Of the 8 different analogues (α-, ß-, γ-, δ-tocopherols and tocotrienols) designated as vitamin E, alpha-tocopherol (α-T) has been mostly studied, together with gamma-tocopherol (γ-T) which is abundant in the US diet. We compared the effect of dietary supplementation with adequate or high doses of α-T or γ-T on the number and type of genes expressed following T cell activation. C57BL/6 mice were fed diets containing adequate (30 ppm) or high (500 ppm) amounts of α-T or γ-T for 4 weeks. Spleen T cells were stimulated ex vivo with plate-bound anti-CD3 and soluble anti-CD28, and gene expression changes were assessed by gene array analysis. The data obtained indicated significant qualitative and quantitative differences between the two analogs in regulating gene expression induced by T cell stimulation. Genes were found uniquely responding to either high α-T (e.g. induced: CD40 ligand, lymphotoxin A) or γ-T (e.g. repressed: poliovirus receptor-related-2). Interestingly, in stimulated T-cells from mice supplemented with high amounts of α-T a bigger number of genes were activated than in mice supplemented with the same amounts of γ-T; under the same conditions γ-T repressed the expression of a number of genes larger than α-T. It is possible that the observed diminution in gene expression in T cells after high γ-T in vivo supplementation modulates inflammation or other T cell mediated functions.

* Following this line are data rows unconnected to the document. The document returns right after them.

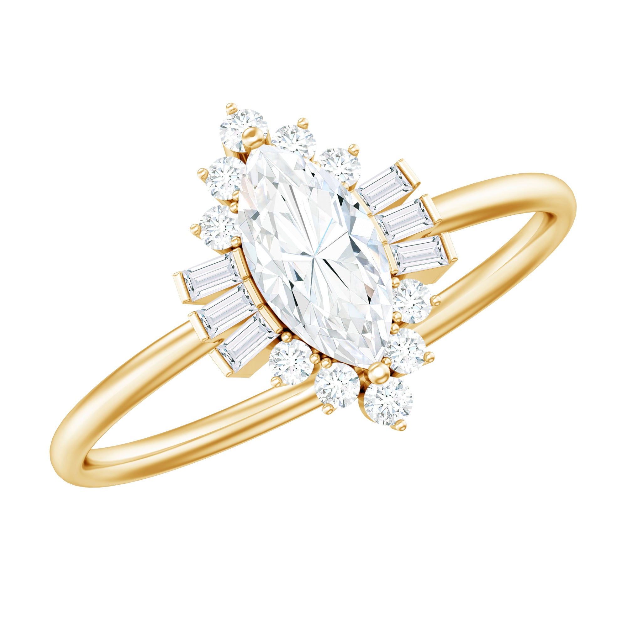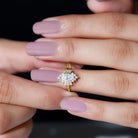This Moissanite Engagement Ring will make her feel special on the big day. This ring is embellished with the 6 MM Round Shape Moissanite delicately placed in Prong Setting encircled by a Halo of Petite Moissanite. This Classic Engagement Ring is inspired by the vintage jewelry collection. Declare your feelings for your partner by getting this Vintage Inspired Engagement Ring as it will stay close to her forever. The shank of the ring is decorated with Moissanite along with the beaded detailing. Celebrate your bond with this stunning Halo Ring that beholds the shine of D-Vs1 Quality Moissanite.
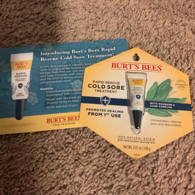 I love burt's bees products and when I saw the cold sore treatment I got very excited. Unfortunately, my cold sore kept growing and hurting even though I constantly applied this product. I hope it helps others with less stubborn cold sores.
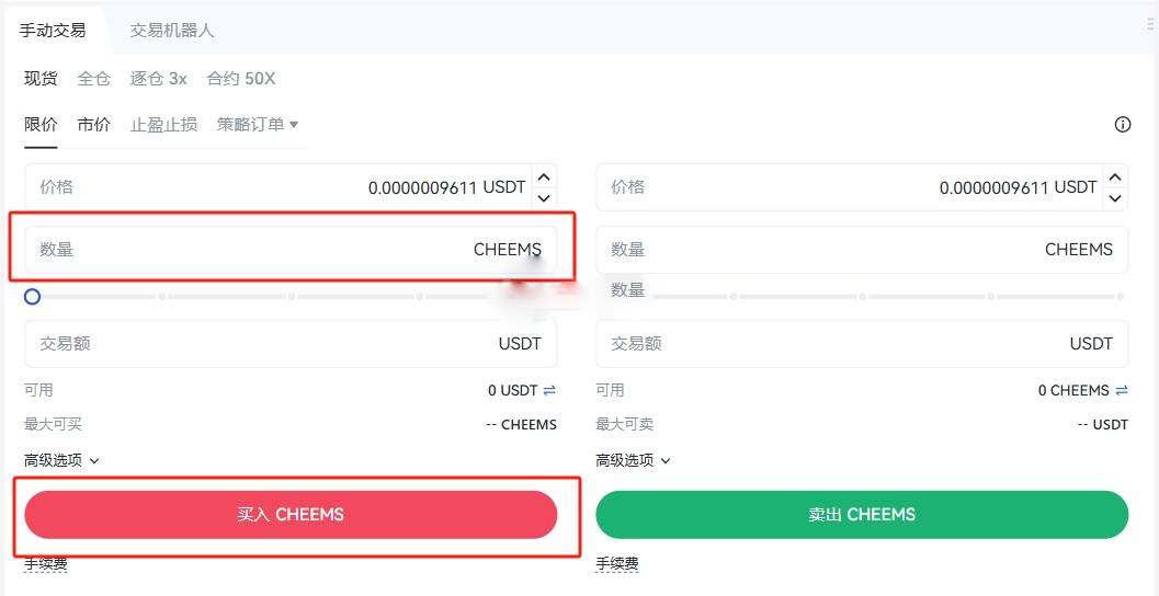 7、输入买入CHEEMS币的数量,点击买入CHEEMS币,就完成购买操作

Differential effects of natural and synthetic vitamin E on gene transcription in murine T lymphocytes.

Mice were supplemented with low and high doses of natural and synthetic vitamin E, T cells from the spleen isolated and stimulated with plate-bound anti-CD3 and soluble anti-CD28, and gene expression changes assessed by gene array experiments. The data obtained indicate significant qualitative and quantitative differences between the two vitamin forms in regulating gene expression in response to T-cell stimulation. Marker genes have been found whose expression can be considered significant in establishing the level of, and response to vitamin E for both natural and synthetic vitamin E supplementation; unique markers for synthetic vitamin E supplementation and unique markers for natural vitamin E supplementation have been identified.